Purpose: To estimate the incidence of microbial keratitis (MK) associated with overnight corneal reshaping contact lenses and to compare rates in children and adults.
Methods: A retrospective study of randomly selected practitioners, stratified by order volume and lens company, was conducted. Practitioners were invited to participate and those agreeing were asked to provide deidentified patient information for up to 50 lens orders and to complete a comprehensive event form for any of these patients who have attended an unscheduled visit for a painful red eye. Duration of contact lens wear was calculated from the original fitting date or January 2005 (whichever was later) to when the patient was last seen by the practitioner wearing the lenses on a regular basis. Cases of MK were classified by majority decision of a 5-member expert panel.

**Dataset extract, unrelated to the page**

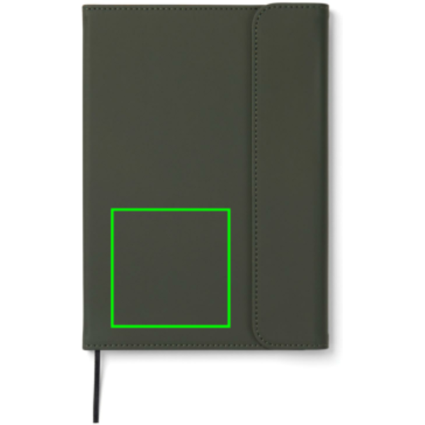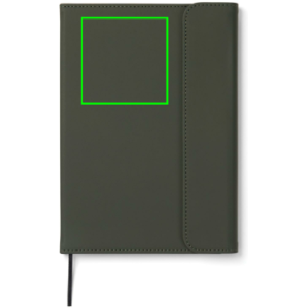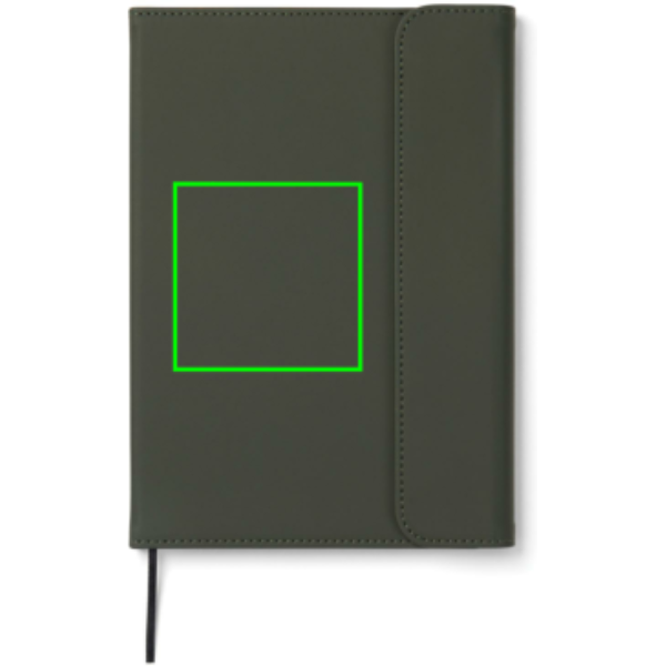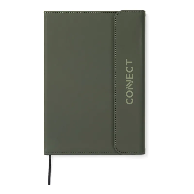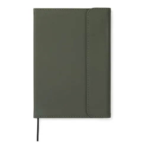 Elegáns, tiszta tapintású, A5-ös jegyzetfüzet. 30% újrahasznosított, matt PU-ból készült borítása mágneses zárral és integrált tolltartóval rendelkezik. 80 lap/160 oldal, 70 gsm súlyú, vonalas, újrahasznosított, belső papírral, amely minden jegyzetelési igénynek megfelel. A papírbetét cserélhető, így hosszabb ideig használható. A GRS (Global Recycled Standard) tanúsítvány garantálja az újrahasznosított anyagok ellátási láncát. A teljes újrahasznosított anyagtartalom a termék összsúlyán alapul. Ez a termék 54% GRS papírt és 5% GRS újrahasznosított PU-t tartalmaz.
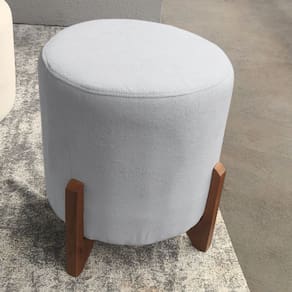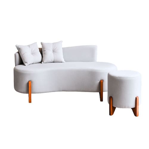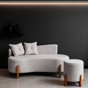 Conjunto Sofá Curvo Orgânico + 01 Puff Luna Boucle Cinza Claro - Montanaris Decor

Results: For the 191 practitioners who could be contacted, 119 (62%) agreed to participate. Subsequently, 11 withdrew, 22 did not respond, and 86 (43%) returned completed forms corresponding to 2202 lens orders and 1494 patients. Limiting the sample to those patients with at least 3 months of documented contact lens wear since 2005 resulted in a sample of 1317 patients; 640 adults (49%) and 677 children (51%) representing 2599 patient-years of wear (adults = 1164; children = 1435). Eight events of corneal infiltrates associated with a painful red eye were reported (six in children and two in adults). Two were classified as MK. Both occurred in children but neither resulted in a loss of visual acuity. The overall estimated incidence of MK is 7.7 per 10,000 years of wear (95% confidence interval [CI] = 0.9 to 27.8). For children, the estimated incidence of MK is 13.9 per 10,000 patient-years (95% CI = 1.7 to 50.4). For adults, the estimated incidence of MK is 0 per 10,000 patient-years (95% CI = 0 to 31.7).
Conclusions: The risk of MK with overnight corneal reshaping contact lenses is similar to that with other overnight modalities. The fact that the CIs for the rates estimated overlap should not be interpreted as evidence of no difference. True differences fewer than 50 cases per 10,000 patient-years were beyond the study’s power of detection.